Billy was waiting on the sidewalk. Cathy slammed on the brakes and rolled down her window. “Go home,” she ordered him.

Jenny leaned forward, about to speak, when she saw Mitch. Wearing a grease-stained T-shirt, Billy’s brother stood leaning against his wreck of a car parked at the curb. Cathy’s angry tone drew his attention. He threw his lit cigarette onto the lawn.

“Is she okay?” Billy asked Cathy.

“If you don’t leave I’ll have to call the police,” Cathy told him.

“Mom!”

Mitch strode toward them.

Cathy rammed the car into park and got out, taking a step toward Mitch before he could get any closer.

“Will you please take your son home?” asked Cathy. She took in his appearance: unshaven face, muscled arms, tattoos.
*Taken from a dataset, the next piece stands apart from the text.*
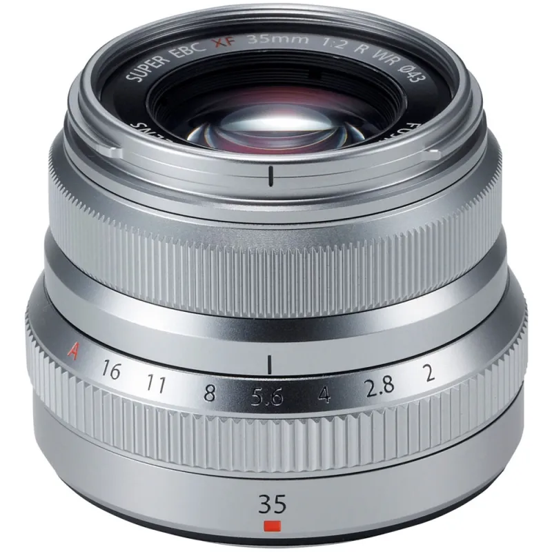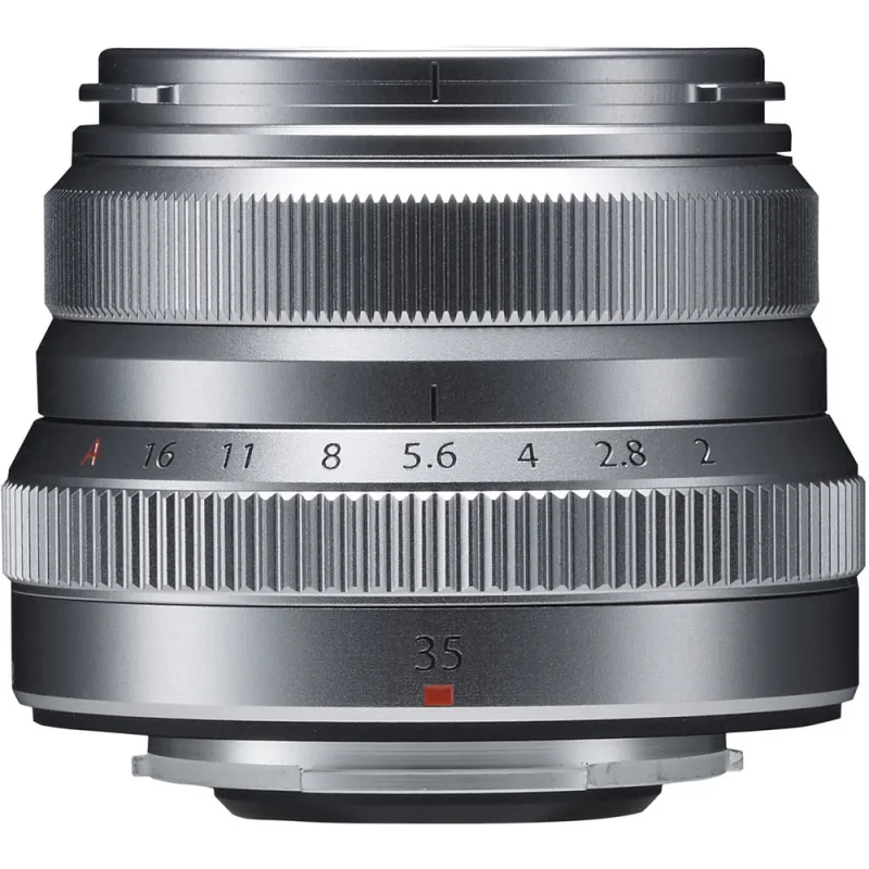 Offering a normal perspective in a compact package, the silver XF 35mm f/2 R WR Lens from Fujifilm is optimized for use on X-series cameras with APS-C format sensors, producing a 35mm equivalent focal length of 53mm. Along with this, it has a fast f/2 maximum aperture, useful for creating images with a shallow depth-of-field and working in low-light conditions. Ensuring optimal image quality is a 9 element in 6 group design that incorporates two ED and two aspherical elements that work to minimize aberrations and distortion for crisp, clean imagery. Also, the lens has the Nano-GI coating which dramatically limits the effects of ghosting and flare.
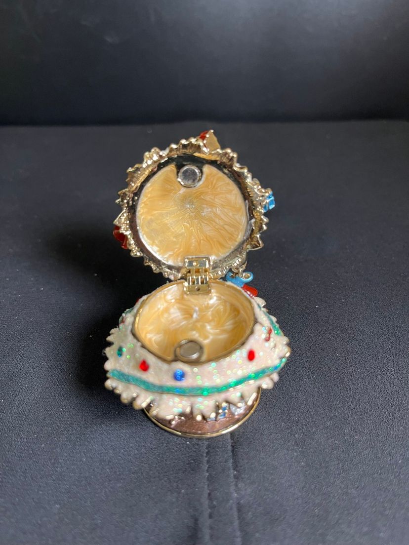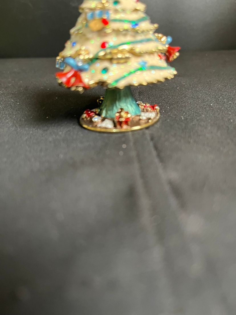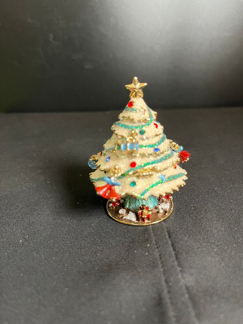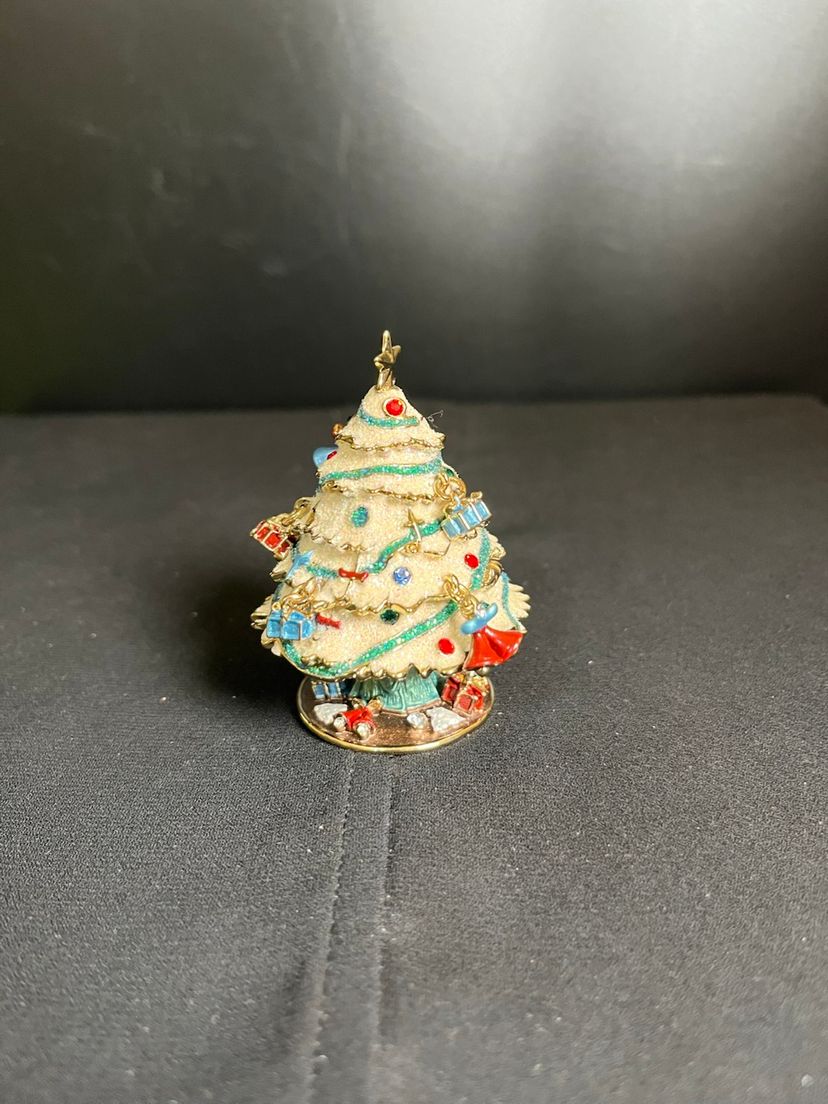 This is beautiful. Features random ornaments hanging from the tree. Beautifully finished inside with enamel paint. There is nothing wrong with this beauty, it is in great pre loved vintage condition. It measures approx 2.75"H, 2" at widest point, 4.6 Oz.

She held her sweater closed as if he could see through her garments.

“He’s not my kid, he’s my brother.” Mitch gave her a sweeping glance, head to foot.

Cathy bristled. “Where are your parents while all this is happening?”

Mitch smiled. “Who the hell do you think you are?”

Billy stood with his hands in his pockets now, watching Jenny through the car window, seemingly oblivious to the argument. And Jenny stared back at him, but she jumped at the sound of angry voices. I didn’t want her to worry.